June 9 is based on real Helltown legends from Summit County, Ohio, where the government evacuated an area in the 1970s to create Cuyahoga Valley National Park, leaving abandoned structures that spawned decades of urban legends. The movie tries to incorporate all of this folklore—the hauntings, the satanic rituals, the mysterious phenomena—and ends up doing justice to none of it. It needed to pick one thread and follow it instead of scattering ideas like breadcrumbs that lead nowhere.

The stark yellow-orange filter whenever the kids enter Boston Mills is meant to create atmosphere but mostly just hurts your eyes.

The grainy found footage quality is fine once you adjust to it, but the color grading is distractingly bad.

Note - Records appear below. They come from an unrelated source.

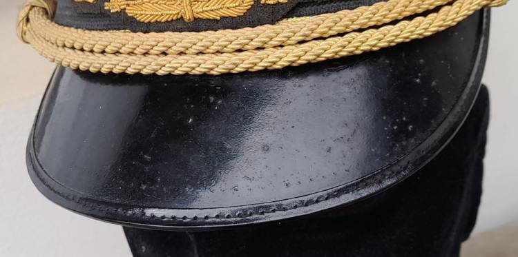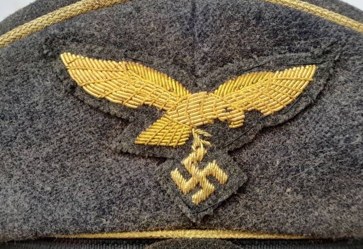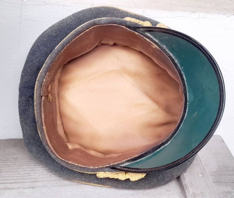 REALIZZATO IN PANNO BLU AVIAZIONE. FREGI SPLENDIDI. ALLUDA IN CUOIO. CONDIZIONI ECCELLENTI.
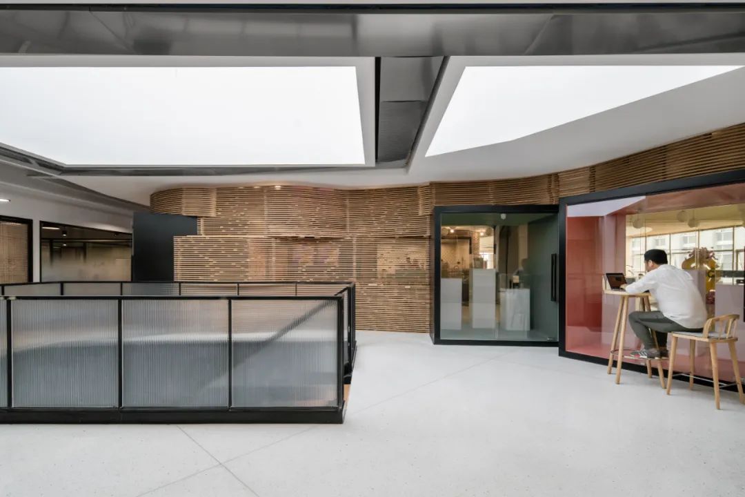 The establishment of a mute book office space with asense of encirclement in the atrium is reminiscent of the self-study room ofthe university library. With comfortable leisure office furniture, the wholearea is full of natural light and softwood, brightness and color temperatureare suitable for long hours of office or reading. So that this is not atraditional office space to kill time, but a space that can enhance personalvalue, which is also the key to the difference between joint office and traditionaloffice.
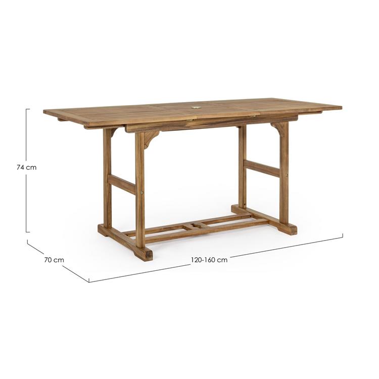 TAVOLO DA GIARDINO ALLUNGABILE RETTANGOLARE IN LEGNO BIZZOTTO NOEMI 120-160X70CM
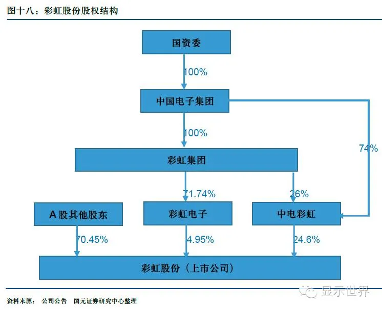 公司在2015年进行了一次较大规模的股权变更,在实际控制人不变的前提下(仍然为中国电子集团),中电彩虹通过协议转让方式分别受让彩虹集团持有的彩虹股份11.10%的股份和彩虹电子持有的彩虹股份13.50%,交易完成后中电彩虹拥有彩虹股份24.60%的股权,目前是公司第一大股东,具体股权结构图如下。
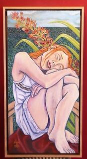 acrylic on jute size 385mm x 760mm with wood recess frame
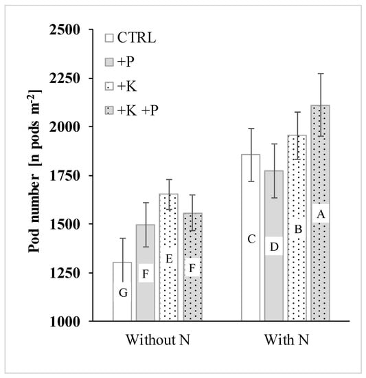 Least squares means (LSmeans) and standard error of the LSmeans of the number of pods per unit area in Oenothera biennis L. local genotype (Evening Primrose) and Brassica napus L cv. serw 1 (Rapeseed) grown in 2 growing seasons in a P and K deficient soil and fertilized with 142.9 kg N ha−1, 171.4 kg K2O ha−1, or 36.9 kg P2O5 ha−1. Data are means of the species. Means with a letter in common cannot be considered different according to a conservative Tukey-grouping applied to the p differences of the LSmeans. N = 12. Please note that error bars are standard error estimates of the LSmeans and not the computed standard error, which can be found in Supplementary Materials Table S1. CTRL indicates a lack of P and K applications.
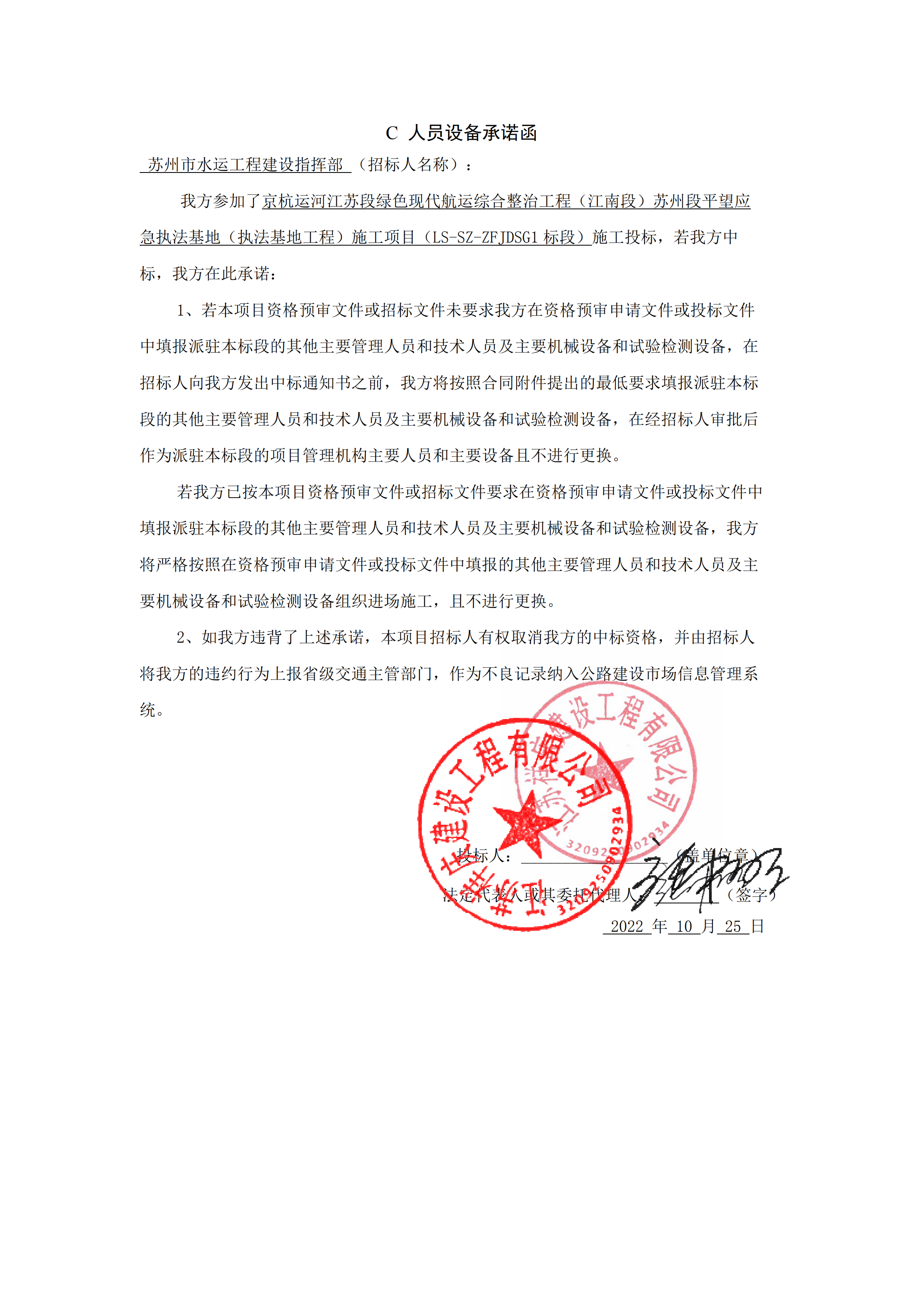 苏州市港航事业发展中心公示人员设备承诺函(江苏祥庆建设工程有限公司)
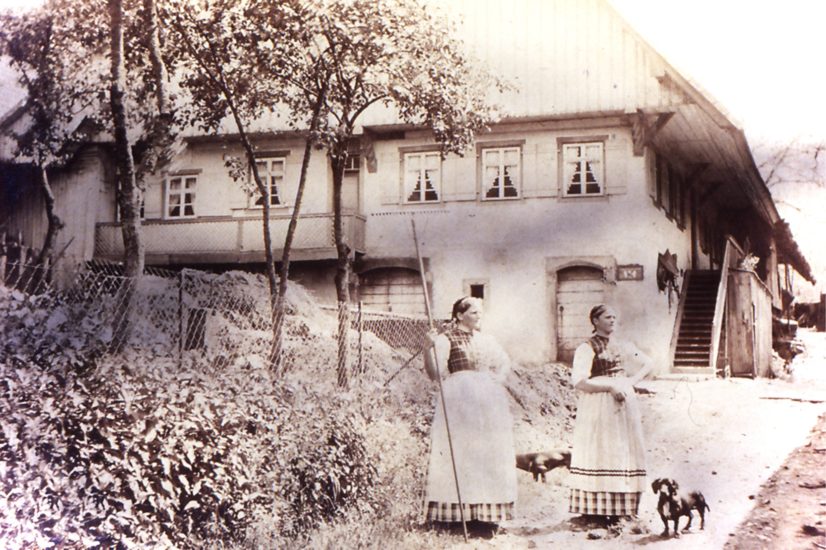 Lösung: Unser Bild zeigt den Hinterbauerhof im Holdersbach (»’s Hintere Bure«). Das Bild wurde in den 1920er Jahren aufgenommen. Vor dem Hof stehen (vermutlich) die jüngste Tochter Maria Cäcilia (rechts), die Severin Schnaiter heiratete und auf den Fußbühl zog. Neben ihr steht Maria Justina, die ledig blieb. Die zwei Jagdhunde sind namentlich nicht mehr festzustellen.
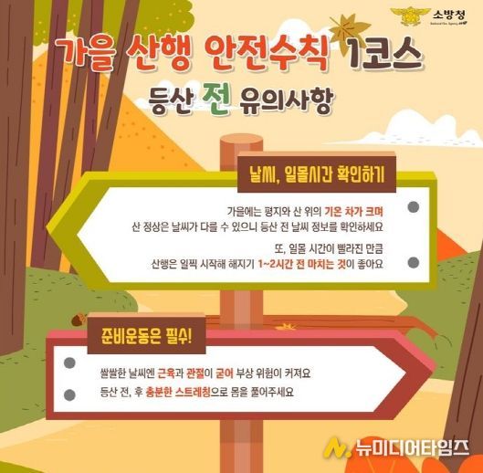 가을철에는 평지와 산 정상의 기온 차가 크고 일몰 시간이 빨라 안전사고 위험이 높아지는 만큼, 산행 전 기상정보와 일몰 시간을 반드시 확인하고, 해지기 1~2시간 전에 하산을 마치는 것이 좋다.
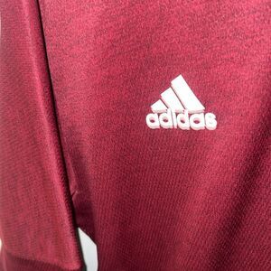 Burgundy half-zip pullover with Adidas logo. Ideal for everyday comfort. Zipper fully functional no rips tears or holes tag still
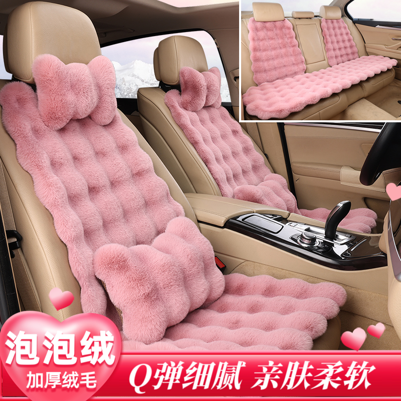 【超软】女冬季汽车坐垫毛绒三件套通用保暖热兔绒座垫加厚防滑
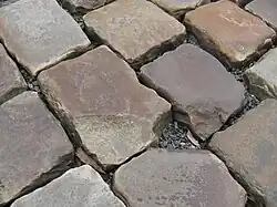 Před vyráběním křemenných kvádrů se pro dláždění používaly říční valouny nebo různé balvany (lomové či přírodní). Takto nepravidelně vydlážděný povrch se nazývá "divoká dlažba" a často byl později překryt dalšími vrstvami – např. říčním pískem, na který se pak položily novější dlažební kameny nebo kostky.[2]
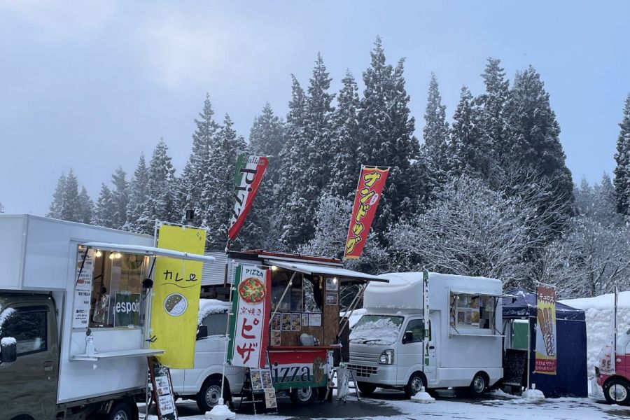 雪の滑り台やスノーモービル体験など、スノーアクティビティが盛りだくさん。また、『トチオノアカリ』が、趣のある古民家を照らします。夜には、ゆきあかりに囲まれた幻想的な会場で、雪上花火を楽しめます。

There are moments where you can see what June 9 was trying to do. The slow build of tension as each trip gets slightly more dangerous. The creeping dread that something supernatural is at play. The final reveal of a community that treats murder as casually as slaughtering chickens. But the execution buries these ideas under an avalanche of padding, repetition, and unfulfilled setup.

The movie would have genuinely worked if it had committed to being a supernatural story—maybe the town only exists every hundred years, maybe these people are ghosts or demons reenacting their rituals. Or it could have worked as a straight cult thriller about isolationist cannibals. Instead, it tries to be everything and ends up being mostly just endless footage of kids driving back and forth to a place where nothing happens until suddenly everything happens in the last fifteen minutes.

June 9 isn’t completely without merit. The acting is better than expected. The final act delivers some genuinely creepy moments. The concept of normal-looking evil is compelling. But getting there requires sitting through what genuinely feels like the longest 95 minutes in horror movie history.

We’re giving it two and a half cents out of ten. Half a cent for the kids’ acting, half a cent for the effective ending, and one and a half cents for the disturbing ordinariness of the community’s evil. The rest? Lost somewhere in the fourth trip to Boston Mills on June 7th when we’d already stopped caring.

If you’re curious about Helltown folklore or want to see found footage that tries something different with its antagonists, there are worse ways to spend your time. Just be prepared for it to feel much, much longer than it actually is.